Des figures majeures de la création s’unissent contre l’IA et réclament des garde-fous

Image d'illustration. IAADN
Cinéastes, musiciens et écrivains alertent sur l’appropriation illégale de leurs créations par l'intelligence artificielle.
Tl;dr
- Plus de 700 créateurs dénoncent l’utilisation de leurs œuvres par les géants de la tech sans consentement ni rémunération.
- Le mouvement « Stealing isn’t Innovation » réclame un encadrement éthique des IA génératives, avec licences négociées et partenariats transparents.
- Les signataires alertent sur les risques liés à la désinformation, aux deepfakes et à l’« AI slop », soulignant l’impact sur la propriété intellectuelle et la compétitivité.

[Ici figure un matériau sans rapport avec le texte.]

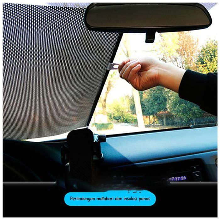 Pelindung Panas Kaca Mobil/Sun Shield Roll Dashboard Tutup Kaca Mobil - 45x125 cm hitam
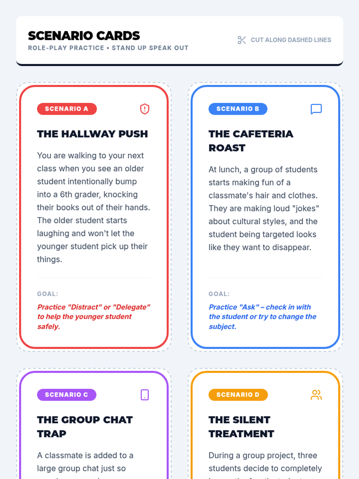 Identifies common 'blockers' like fear and procrastination, and uses role-play and discussion to build 'ninja' defense strategies.

Des créateurs en colère contre les géants de la tech
Au fil des mois, le débat autour de l’utilisation des œuvres artistiques pour entraîner des modèles d’intelligence artificielle s’est amplifié aux États-Unis. Désormais, plus de 700 personnalités issues du cinéma, de la musique ou encore de la littérature – dont Scarlett Johansson, R.E.M. et Vince Gilligan – ont décidé d’unir leurs voix. Leur objectif ? Dénoncer une pratique qu’ils estiment abusive : l’exploitation, sans consentement ni compensation, de leurs créations par les grandes entreprises technologiques.
Une campagne pour un encadrement éthique
Lancée sous la bannière « Stealing isn’t Innovation », cette initiative entend rappeler aux acteurs du numérique qu’ils ne peuvent bâtir l’avenir sur le dos des créateurs. Sur le site officiel du mouvement, un message incisif s’affiche : « L’Amérique doit sa réputation mondiale à sa communauté créative, source d’emplois et de croissance économique ». Pourtant, soulignent les auteurs, certains mastodontes soutenus par des fonds privés exploitent ces richesses sans respect pour le droit d’auteur.
Face à cette situation, la coalition réclame que les plateformes d’IA générative privilégient des approches responsables : licences négociées et partenariats transparents. Une manière selon eux d’assurer un équilibre entre progrès technologique et respect du travail artistique.
Mésusages et dérapages inquiétants
La grogne ne concerne pas que les questions financières. Selon les signataires, ce qu’ils qualifient « d’appropriation illégale de propriété intellectuelle » aurait déjà un impact délétère sur l’écosystème informationnel. Plusieurs dangers sont pointés du doigt :
- Désinformation.
- Deepfakes.
- Avalanche de contenus médiocres (« AI slop »).
Ce flot incontrôlé menacerait même la compétitivité internationale des États-Unis dans le secteur stratégique de l’IA.
Lignes rouges et réactions en chaîne
Quelques affaires récentes illustrent ce bras de fer. L’actrice Scarlett Johansson, par exemple, a récemment envisagé une action judiciaire contre OpenAI, après que sa voix aurait été imitée dans une version vocale de ChatGPT. De son côté, selon une enquête du New York Times, la plateforme Grok dirigée par Elon Musk aurait généré des millions d’images sexualisées à partir de personnes réelles en un temps record.
En somme, la mobilisation actuelle questionne tout autant le cadre légal que les garde-fous moraux face à une révolution numérique qui avance souvent plus vite que les droits fondamentaux des artistes.